Lipopolysaccharide Adsorption at Septic Shock (LASSO) – multicenter randomized clinical study
Study design: Patients with abdominal sepsis, complicated with septic shock, were randomly divided in two subgroups. Patients in intervention subgroup were subjected to first Efferon® LPS hemoperfusions in <12 hours since onset of septic shock and second Efferon® LPS hemoperfusion in 24 hours since start of the first one. Median duration of hemoperfusions were 5.5 hours. Patients in control group received standard of care treatment without extracorporeal removal of endotoxin or inflammatory mediators.
Study conclusions:
Efferon® LPS hemoperfusion yielded significant improvements of vital functions and survival rate in patients with septic shock.
- Hemodynamics: increase of mean arterial blood pressure accompanied with decreased requirements to vasopressor and inotropic drugs (starting in 24 hours);
shorter duration of septic shock among surviving patients (57 hours in Efferon® LPS vs 101 hours in control group);
septic shock successfully resolved in 68% patients in Efferon® LPS group vs 40% in control group.
- Respiratory function: shorter duration of invasive mechanical ventilation in surviving patients (2.6 days in Efferon® LPS vs 4.8 days in control group)
higher chance of successful weaning from invasive mechanical ventilation (57% in Efferon® LPS vs 29% in control group)

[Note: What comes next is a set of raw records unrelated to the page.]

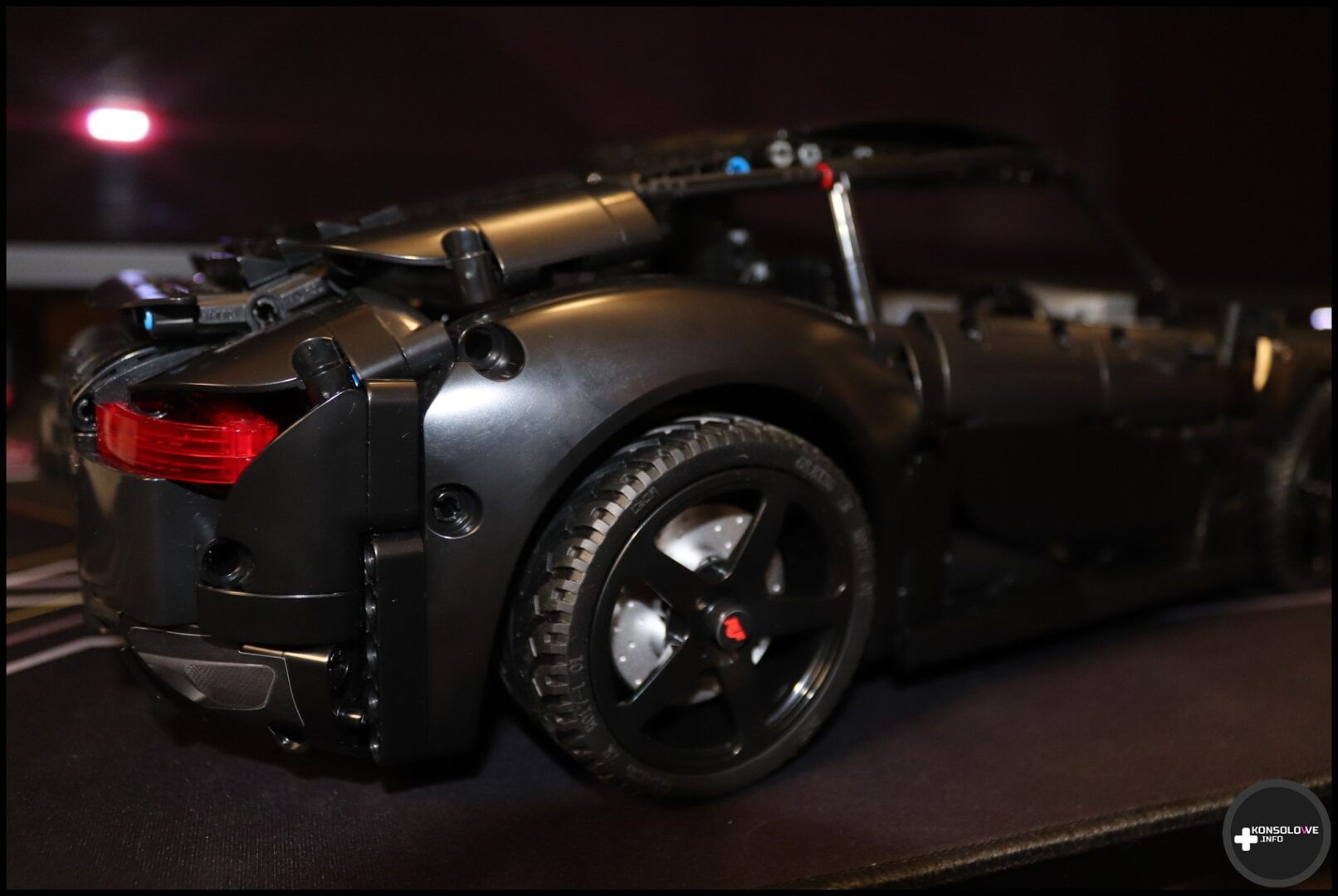 Dalsze budowanie modelu pozwoli nam przyjrzeć się tylnej części pojazdu. Na wyróżnienie zasługuje tu przede wszystkim tablica rejestracyjna. Bardzo spodobało mi się to, że nie musimy jej sami naklejać – dostajemy już bowiem gotowy kafelek z umieszczoną na nim rejestracją. Nie jestem fanem naklejek (choć w recenzowanym dziś zestawie znajduje się ich trochę), więc powitałem ten element z ogromną ulgą. Kontynuując łączenie klocków, zabudujemy okolice tablicy rejestracyjnej. Świetnie prezentują się czerwone światła zrobione z półprzezroczystych płaskich klocków w odpowiednim kolorze. Efekt jest naprawdę fantastyczny. Zbudujemy też bardzo ładną osłonę silnika. Co ważne, możemy ją podnosić, aby zobaczyć jak pracuje wspomniany silnik. Natomiast, aby domknąć pokrywę, musimy ją oczywiście opuścić i minimalnie docisnąć z satysfakcjonującym odgłosem kliknięcia. Nie mogę się tu przyczepić do żadnego kroku i nie zamierzam – póki co CaDA zaproponowała bardzo udane rozwiązania i aż chce się układać dalej. Nie mogę też nie docenić bardzo ładnego wizualnie dachu, który również posiadał już umieszczone elementy dekoracyjne. Chodzi mi oczywiście o pasy idące przez całą długość dachu. Zamontujemy też osłony kół, a nasza bryła stanie się coraz bardziej masywna i imponująca swoim rozmiarem. Aż byłem ciekaw, co będzie mnie czekało w krokach przypisanych do litery C.
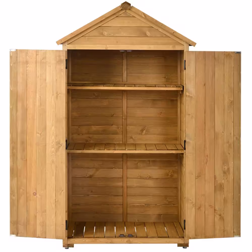 BTMWAY Natural 3 ft. W x 2 ft. D Wood Storage Shed with Double Door(5.5 sq.ft.)Lawn Outdoor Storage Cabinet with 3-Tier Shelves
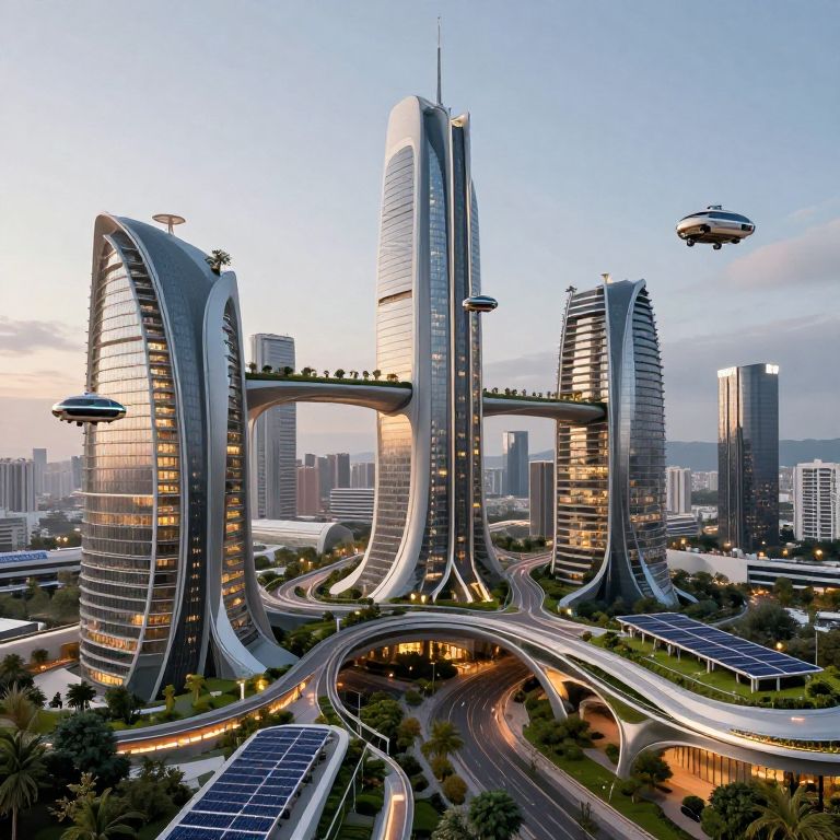 Photograph of a futuristic cityscape at dusk featuring three towering, curved skyscrapers with illuminated windows and sleek, silver exteriors. The buildings are interconnected by elevated walkways and have modern, aerodynamic designs. Two flying cars hover in the sky, while a network of illuminated, curved roads snakes through the base of the structures. Solar panels are visible on rooftops, and greenery is interspersed among the buildings. The background includes a hazy skyline with additional high-rises. The overall scene is vibrant, with a mix of natural and futuristic elements, emphasizing advanced urban planning and technology.
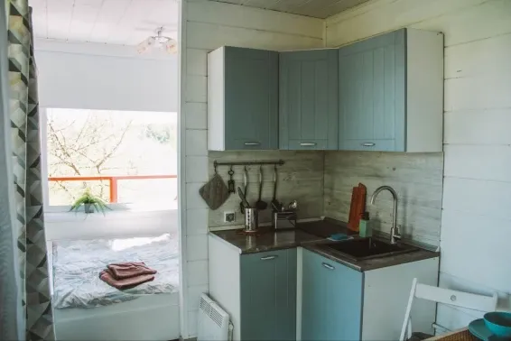 Уютная студия с мини-кухней на берегу залива. Комфортно могут разместиться 4 взрослых.
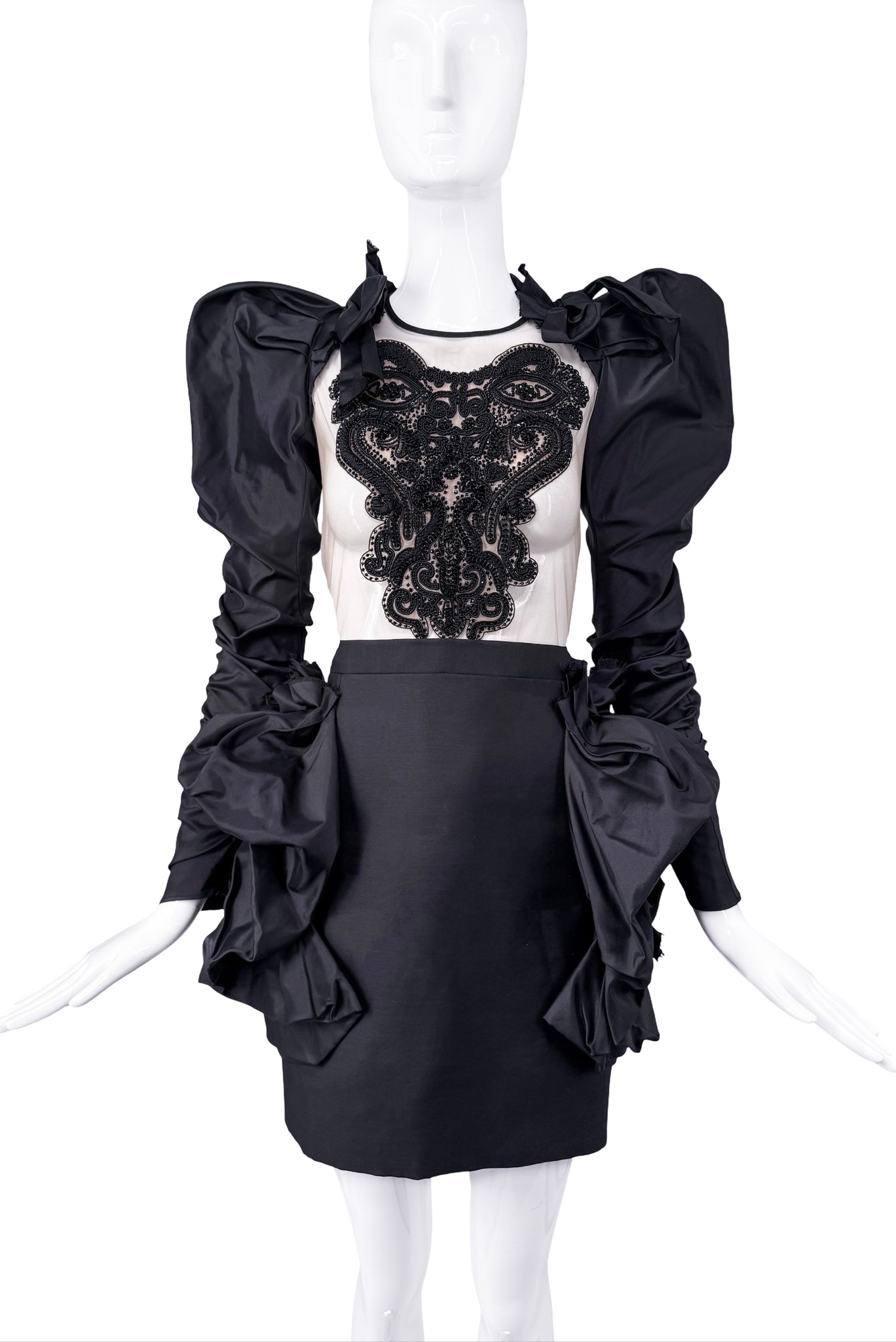 DSquared2 Black Ruffle Mesh Embellished Puff Sleeve Dress
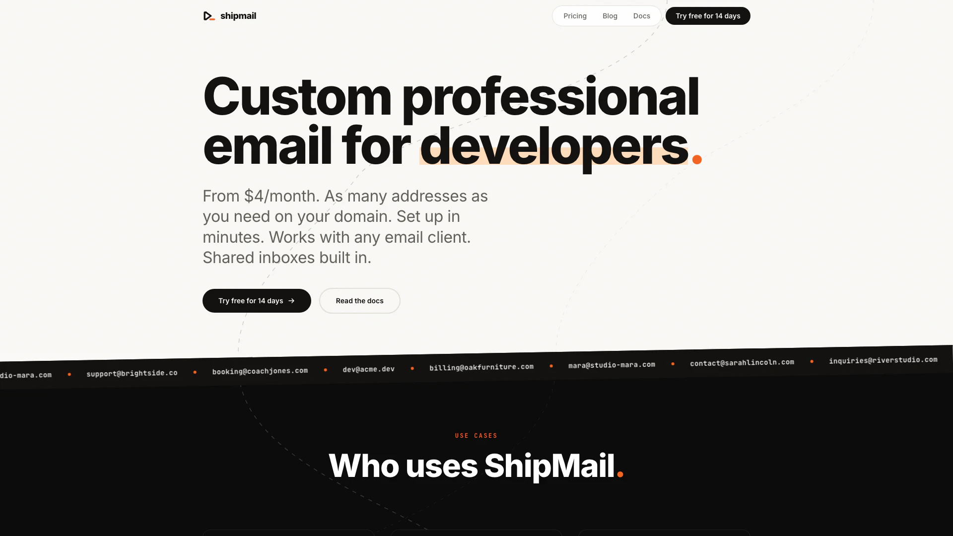 - Các nhà sáng tạo và thương hiệu cá nhân có thể sử dụng Shipmail để tạo ra các địa chỉ email độc đáo phản ánh danh tính thương hiệu của họ, chẳng hạn như mara@studio-mara.com.
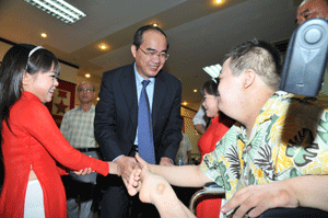 Phó Thủ tướng Nguyễn Thiện Nhân thăm hỏi, động viên các nạn nhân da cam/diôxin tại Chương trình giao lưu 'Vì nỗi đau da cam' do TTXVN tổ chức |
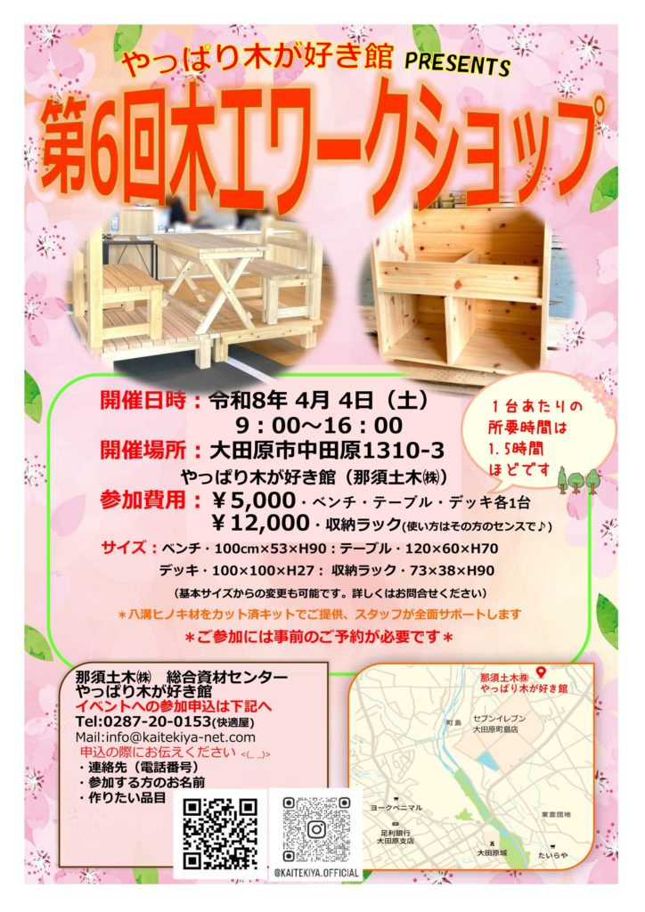 下記が次回ワークショップのお知らせと、TOKO-TOKOおおたわら「春恒例イベント」への出店の告知です。
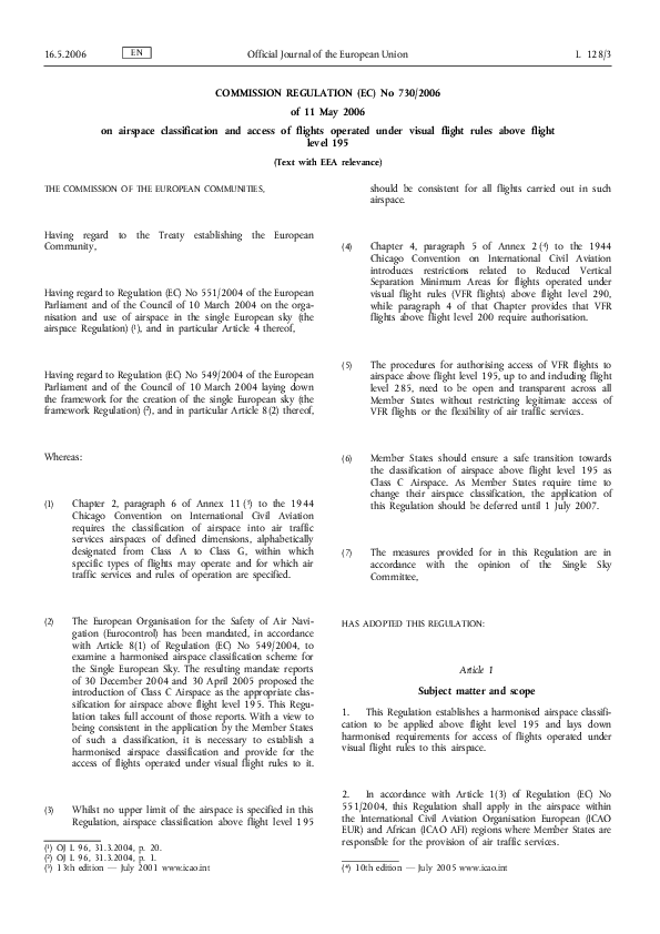 Regulation (EC) No 730/2006 on airspace classification and access of flights operated under visual f
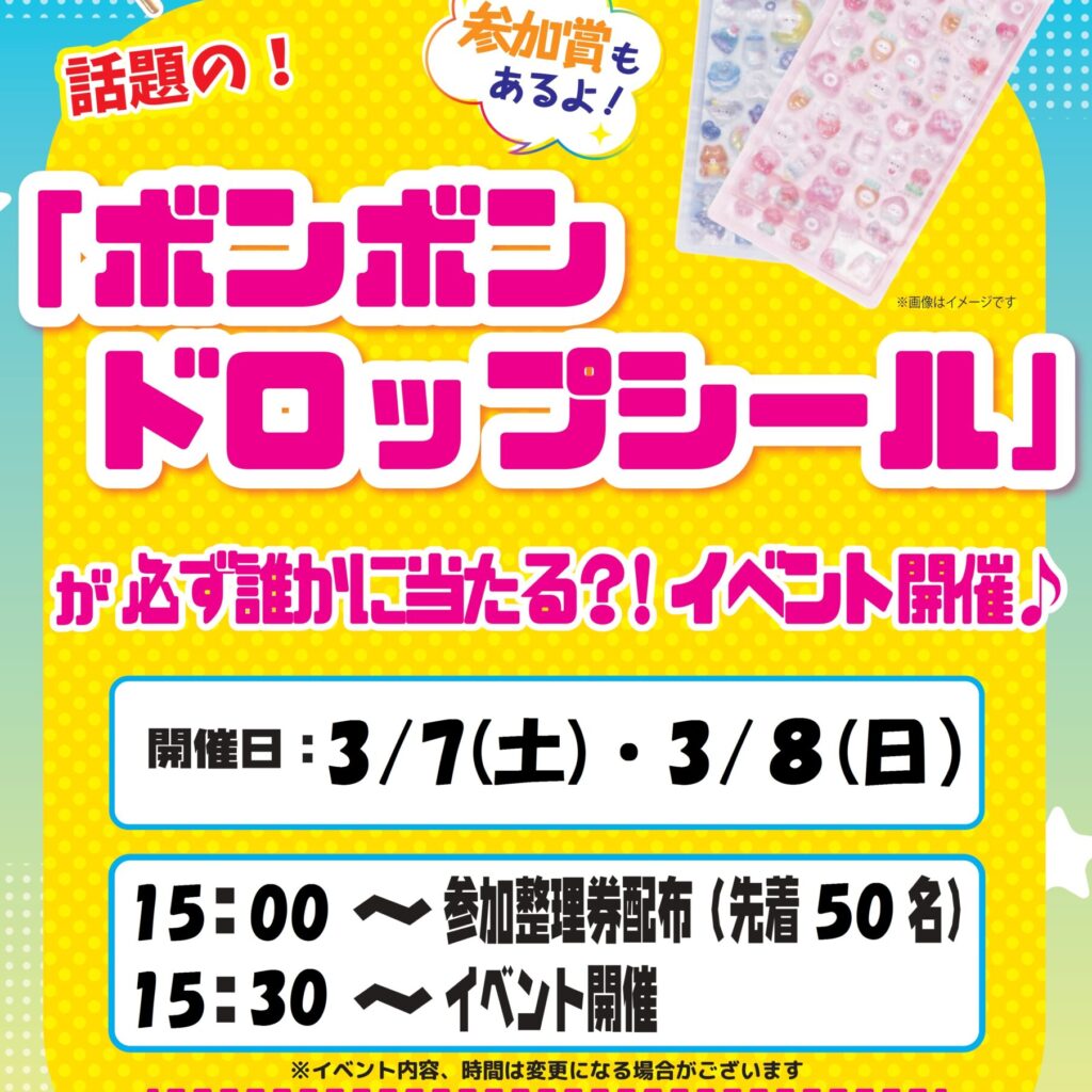 サービス【アミュージアム】話題の!「ボンボンドロップシール」が必ず誰かに当たる?!イベント開催♪
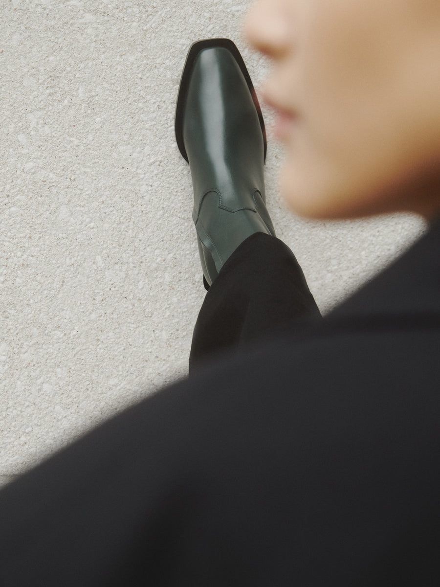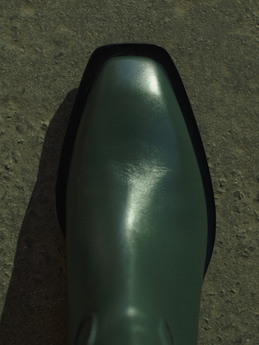 "Clean lines, asymmetry, and a stripped-down aesthetic are elements of Neues Bauen architecture adopted and applied across our entire design system, and are discernible in the angular rand, sharp square toe, and minimal form of our new cowboy edit."
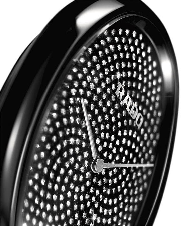 Женские керамические швейцарские часы с бриллиантами Rado Esenza R53094722, кварцевый механизм с высокой точностью. Сапфировое стеклоСапфировое стеклоПрочный и надёжный материал из кристалла сапфира синтетического происхождения, характеризующийся особой твёрдостью и устойчивостью к царапинам и повреждениям. устойчивое к появлению царапин, обладающее высокой прозрачностью. Класс водозащиты: 30 метров, позволит защитить корпус от случайных брызг или капель дождя. Корпус и браслет часов изготовлены из высокотехнологичной керамикиВысокотехнологичная керамикаИнновационный запатентованный Rado материал с гладкой или матовой поверхностью. Керамика за счёт кристаллической структуры обладает повышенной устойчивостью от возникновения царапин. Материал способен принимать температуру тела человека, обеспечивая невероятный комфорт при ношении.. Браслет на раскладной застёжкеРаскладная застёжкаТакой тип застёжки используется только на браслетах из металла. Она никогда не раскрывается полностью, происходит разделение на 2 и более частей. Раскладывающая застёжка снизит вероятность потери часов к минимуму.. Циферблат декорирован бриллиантами .694 карат.

increase of PaO2/FiO2 oxygenation index (starting in 24 hours).
- Renal function: lower serum creatinine (starting in 72 hours);
shorter duration of renal replacement therapy.
- Multiple Organ Failure Syndrome: lower SOFA score in Efferon® LPS hemoperfusion group (starting in 24 hours)
- Inflammatory biomarkers: Efferon® LPS hemoperfusion decreased levels of abnormally elevated serum procalcitonin, C-reactive protein, interleukin-6, leukocytes and neutrophils count. 75% patients responded with decrease of endotoxin levels in blood.